Working with EcOceánica, a Peruvian NGO, we have begun to interview local fishermen and divers to find out more about whale shark sightings. The Save Our Seas Foundation is supporting us as we gather this information and begin to generate the outline for research into the whale sharks in Peru, with the objective of conserving them and their habitat. Based in Zorritos, in the north of the country, we conduct interviews in Puerto Pizarro, Zorritos, Acapulco, Punta Sal and Cancas, whose inhabitants make a living as fishermen. Occasionally they catch mobula rays, giant manta rays and juvenile hammerhead sharks as well as whale sharks. Some people here fear whale sharks because they have heard about these huge sharks that swim around the boat. Few of them know that the sharks are gentle and docile and pose no threat to humans. One of the challenges is to determine whether there is potential for whale sharks to become a tourist attraction in Peru, generating for the local communities a solid economic alternative to fishing for them.

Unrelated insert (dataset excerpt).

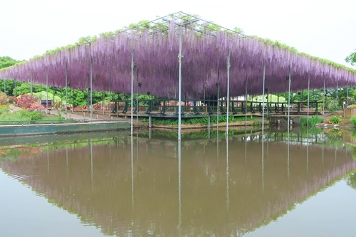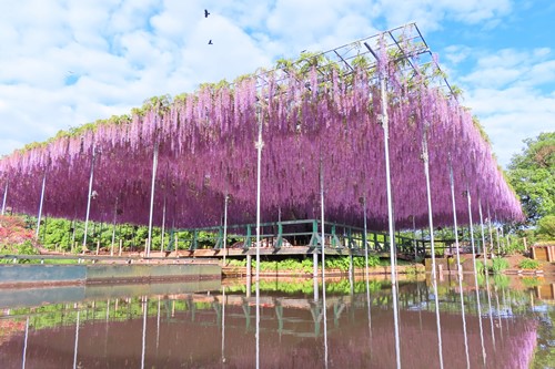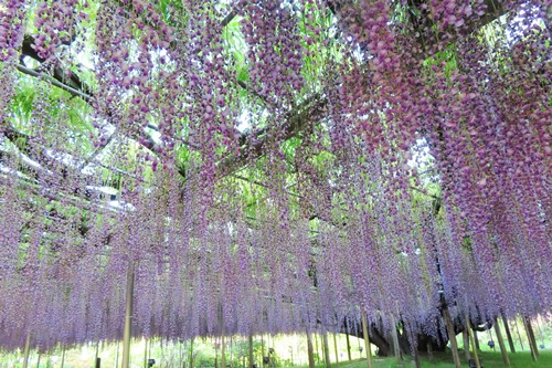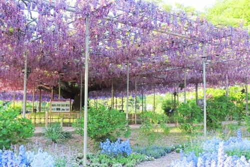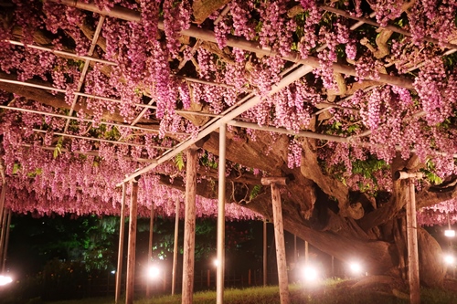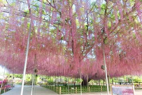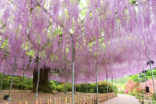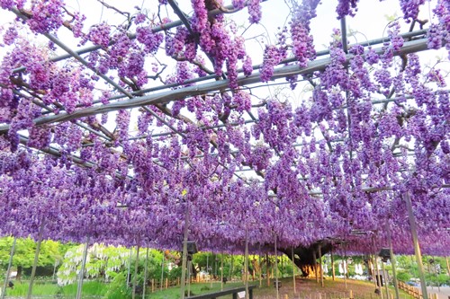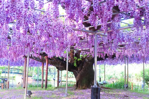 樹齢は160年を超え、1本の幹で1,000㎡の大藤棚です。

Now I am preparing to visit Peru and assist the team with its field work. On this project we are all women (Rossana, Ximena, Shaleyla, Alejandra and myself) and we are all passionate about marine animals and about generating baseline research into the whale sharks of Peru in order to conserve them and their habitat.

What I do

I started my research into whale sharks in La Paz Bay in 2001, using different techniques such as photo-ID, genetics and tagging. For the first two years there were no whale sharks in the bay and despite going out to look for them every month I didn’t see a single one. Then in 2003 I went to Los Cabos and I saw four pregnant females, huge and beautiful like submarines. To be with them is an incredible experience: they are so peaceful and transmit a wonderful energy, and I feel so small and so privileged to have the opportunity to share time and space with these big mamas.

My goal was to collect tissue samples so that we could study the genetics of these whale sharks, but their skin is hard and it took us some time to figure out how to collect the tissue. The whale sharks returned to La Paz Bay in 2004 and I have been monitoring them since then, determining the size of the population, its fidelity to the site and whether it is connected to other populations in the Gulf of California and other parts of Mexico’s Pacific coast.

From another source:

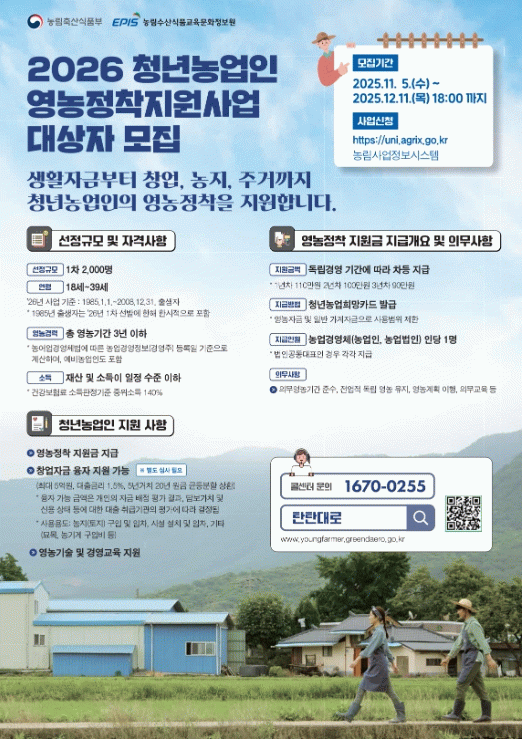 신청은 오는 12월 11일까지 농림사업정보시스템을 통해 온라인으로만 가능하며, 추후 12월 말경에 영농계획서 서면평가와 면접평가를 거쳐 2026년 1월 최종 대상자를 선정할 예정이다.

It is amazing that each shark has a unique pattern of spots, and as we began to recognise individuals we started to name them. This has helped us to answer two important questions: do individuals spend a long time in the bay; and do they return year after year? The juveniles in particular, I have discovered, like La Paz Bay and some of them do return year after year. The best part of being able to identify individuals is that it gives me a sense of connection with them. I once placed a tag on Tiki-Tiki, a young female from La Paz Bay, but she lost the tag when she dived very deep. When I saw her again in the bay, I asked her, ‘Why don’t you just tell me what you were doing down there?’

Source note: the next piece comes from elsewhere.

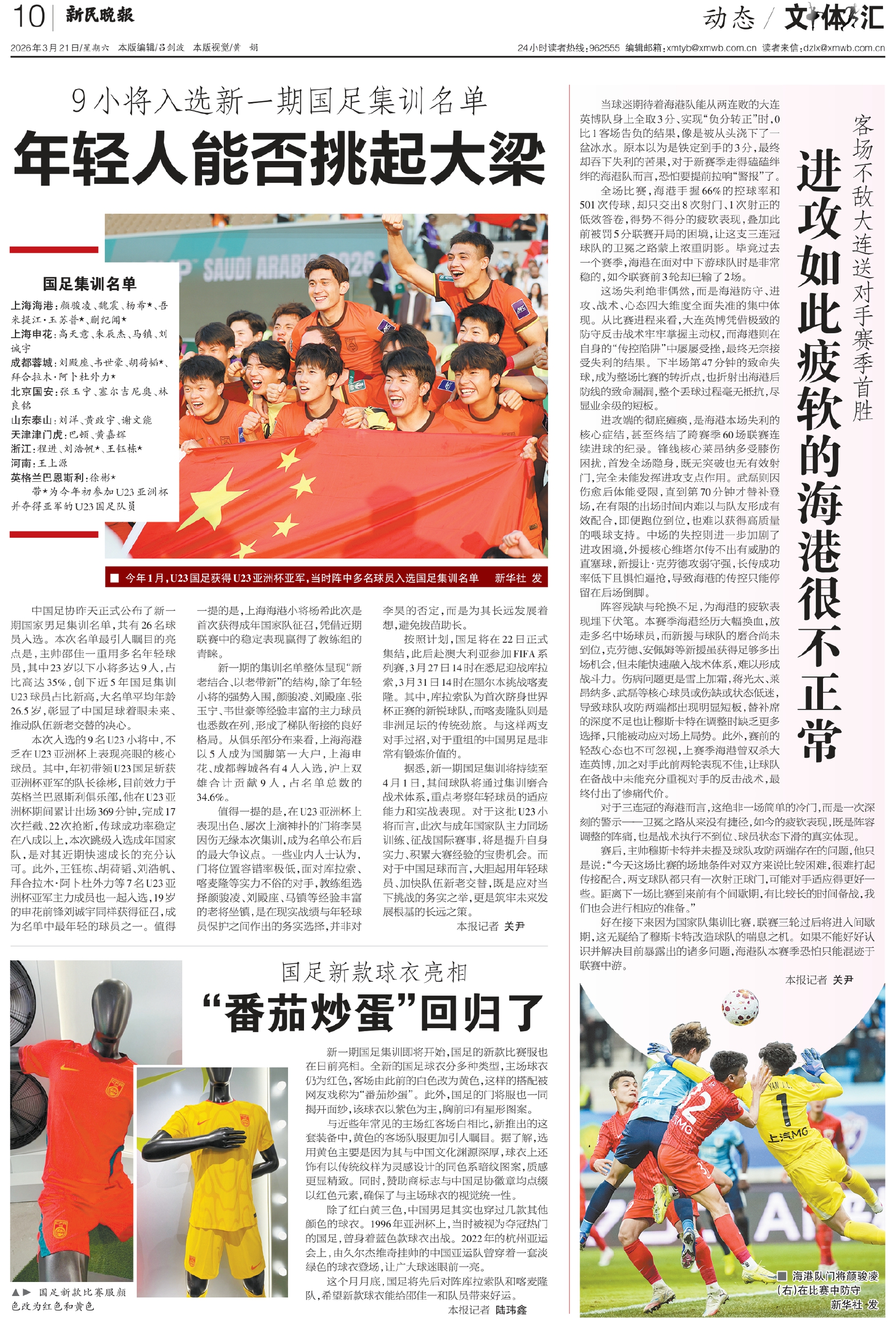 中国足协昨天正式公布了新一期国家男足集训名单,共有26名球员入选。本次名单最引人瞩目的亮点是,主帅邵佳一重用多名年轻球员,其中23岁以下小将多达9人,占比高达35%,创下近5年国足集训U23球员占比新高,大名单平均年龄26.5岁,彰显了中国足球着眼未来、推动队伍新老交替的决心。

Part of using marine biology to protect the ocean is working with communities and passing on to them the skills necessary to conduct baseline research. The projects at Bahia de Los Angeles and Nayarit are monitoring programmes that are conducted and controlled by the communities there, using locals as guardians of the sharks.

In La Paz Bay I have been helping to develop of a management plan for whale shark tourism. Each year we train tourist companies in the guidelines for interacting with whale sharks. Education is important too, and we present a programme about ocean protection to high schools.

Because the whale shark is a migratory species, we promote its conservation on a regional basis along the entire Pacific coastline of Mexico. Our work in Peru will enable us to expand knowledge about whale sharks in the Eastern Pacific by generating initial baseline research about, among other things, abundance, site fidelity and population structure. Two months in, we have entered into agreements with associates who will assist us in our studies. In the field, we have registered the presence of humpback whales, marine turtles, sea lions and mobula rays. Whether they come from Mexico is still a mystery.